Deriving the Lasso Regression Equations

Using the matrix-vector expression for Lasso regression, we have the following cost function

$$ C(\boldsymbol{X},\boldsymbol{\beta})=\frac{1}{n}\left\{(\boldsymbol{y}-\boldsymbol{X}\boldsymbol{\beta})^T(\boldsymbol{y}-\boldsymbol{X}\boldsymbol{\beta})\right\}+\lambda\vert\vert\boldsymbol{\beta}\vert\vert_1, $$

Taking the derivative with respect to \( \boldsymbol{\beta} \) and recalling that the derivative of the absolute value is (we drop the boldfaced vector symbol for simplicity)

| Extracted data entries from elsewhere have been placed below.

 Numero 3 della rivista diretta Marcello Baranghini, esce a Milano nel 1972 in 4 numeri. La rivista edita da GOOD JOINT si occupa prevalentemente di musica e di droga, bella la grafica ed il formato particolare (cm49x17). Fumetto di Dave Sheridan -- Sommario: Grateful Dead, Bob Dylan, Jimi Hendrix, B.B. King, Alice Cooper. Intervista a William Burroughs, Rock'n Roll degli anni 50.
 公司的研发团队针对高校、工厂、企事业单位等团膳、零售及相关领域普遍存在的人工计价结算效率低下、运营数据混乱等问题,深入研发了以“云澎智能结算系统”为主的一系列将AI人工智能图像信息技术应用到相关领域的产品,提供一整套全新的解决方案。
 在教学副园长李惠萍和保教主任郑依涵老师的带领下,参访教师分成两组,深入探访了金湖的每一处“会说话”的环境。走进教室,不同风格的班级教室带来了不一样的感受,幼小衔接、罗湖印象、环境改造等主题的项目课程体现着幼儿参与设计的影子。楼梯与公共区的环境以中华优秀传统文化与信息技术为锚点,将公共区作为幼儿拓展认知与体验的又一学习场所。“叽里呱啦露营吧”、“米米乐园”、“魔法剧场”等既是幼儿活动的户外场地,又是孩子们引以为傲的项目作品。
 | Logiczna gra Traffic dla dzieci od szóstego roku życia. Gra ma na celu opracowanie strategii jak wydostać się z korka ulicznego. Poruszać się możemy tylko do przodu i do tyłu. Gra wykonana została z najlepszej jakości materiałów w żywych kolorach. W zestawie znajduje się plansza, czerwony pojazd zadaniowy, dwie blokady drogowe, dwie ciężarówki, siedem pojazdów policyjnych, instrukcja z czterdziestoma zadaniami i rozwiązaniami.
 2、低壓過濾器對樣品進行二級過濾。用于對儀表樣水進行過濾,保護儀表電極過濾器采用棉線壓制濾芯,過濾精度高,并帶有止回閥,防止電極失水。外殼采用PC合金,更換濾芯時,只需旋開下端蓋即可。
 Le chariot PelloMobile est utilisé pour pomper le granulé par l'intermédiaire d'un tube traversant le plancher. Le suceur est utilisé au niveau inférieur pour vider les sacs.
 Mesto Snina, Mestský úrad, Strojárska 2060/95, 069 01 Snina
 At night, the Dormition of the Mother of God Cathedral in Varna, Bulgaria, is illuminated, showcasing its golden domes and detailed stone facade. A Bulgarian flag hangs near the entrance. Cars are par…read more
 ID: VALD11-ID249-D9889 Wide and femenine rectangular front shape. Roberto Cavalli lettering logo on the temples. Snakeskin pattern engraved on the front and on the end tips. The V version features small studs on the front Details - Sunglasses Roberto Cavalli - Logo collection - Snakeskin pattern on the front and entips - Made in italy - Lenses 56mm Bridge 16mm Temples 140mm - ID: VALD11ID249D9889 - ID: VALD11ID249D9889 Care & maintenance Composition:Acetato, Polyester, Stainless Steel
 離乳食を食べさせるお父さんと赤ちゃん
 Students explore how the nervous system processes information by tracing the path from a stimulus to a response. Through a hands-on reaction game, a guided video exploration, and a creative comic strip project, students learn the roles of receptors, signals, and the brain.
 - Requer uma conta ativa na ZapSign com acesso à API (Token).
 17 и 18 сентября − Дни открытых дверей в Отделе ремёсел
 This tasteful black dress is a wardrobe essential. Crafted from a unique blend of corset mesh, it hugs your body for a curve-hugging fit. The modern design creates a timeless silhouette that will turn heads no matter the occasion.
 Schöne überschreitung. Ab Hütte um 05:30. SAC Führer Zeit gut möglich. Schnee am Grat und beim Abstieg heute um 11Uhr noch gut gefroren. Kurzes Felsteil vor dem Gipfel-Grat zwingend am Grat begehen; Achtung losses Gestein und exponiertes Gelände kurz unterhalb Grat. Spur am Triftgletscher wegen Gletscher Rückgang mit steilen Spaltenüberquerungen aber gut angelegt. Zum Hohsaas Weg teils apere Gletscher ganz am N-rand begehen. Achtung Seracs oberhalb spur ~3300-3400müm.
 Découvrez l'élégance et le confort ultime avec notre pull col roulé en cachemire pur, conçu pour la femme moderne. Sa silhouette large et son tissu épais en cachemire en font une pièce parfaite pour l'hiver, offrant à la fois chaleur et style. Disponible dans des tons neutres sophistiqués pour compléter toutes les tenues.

$$ \frac{d \vert \beta\vert}{d \beta}=\mathrm{sgn}(\beta)=\left\{\begin{array}{cc} 1 & \beta > 0 \\-1 & \beta < 0, \end{array}\right. $$

we have that the derivative of the cost function is

$$ \frac{\partial C(\boldsymbol{X},\boldsymbol{\beta})}{\partial \boldsymbol{\beta}}=-\frac{2}{n}\boldsymbol{X}^T(\boldsymbol{y}-\boldsymbol{X}\boldsymbol{\beta})+\lambda sgn(\boldsymbol{\beta})=0, $$

and reordering we have

$$ \boldsymbol{X}^T\boldsymbol{X}\boldsymbol{\beta}+\lambda sgn(\boldsymbol{\beta})=\boldsymbol{X}^T\boldsymbol{y}. $$

This equation does not lead to a nice analytical equation as in Ridge regression or ordinary least squares. We have absorbed the factor \( 2/n \) in a redefinition of the parameter \( \lambda \). We will solve this type of problems using libraries like scikit-learn.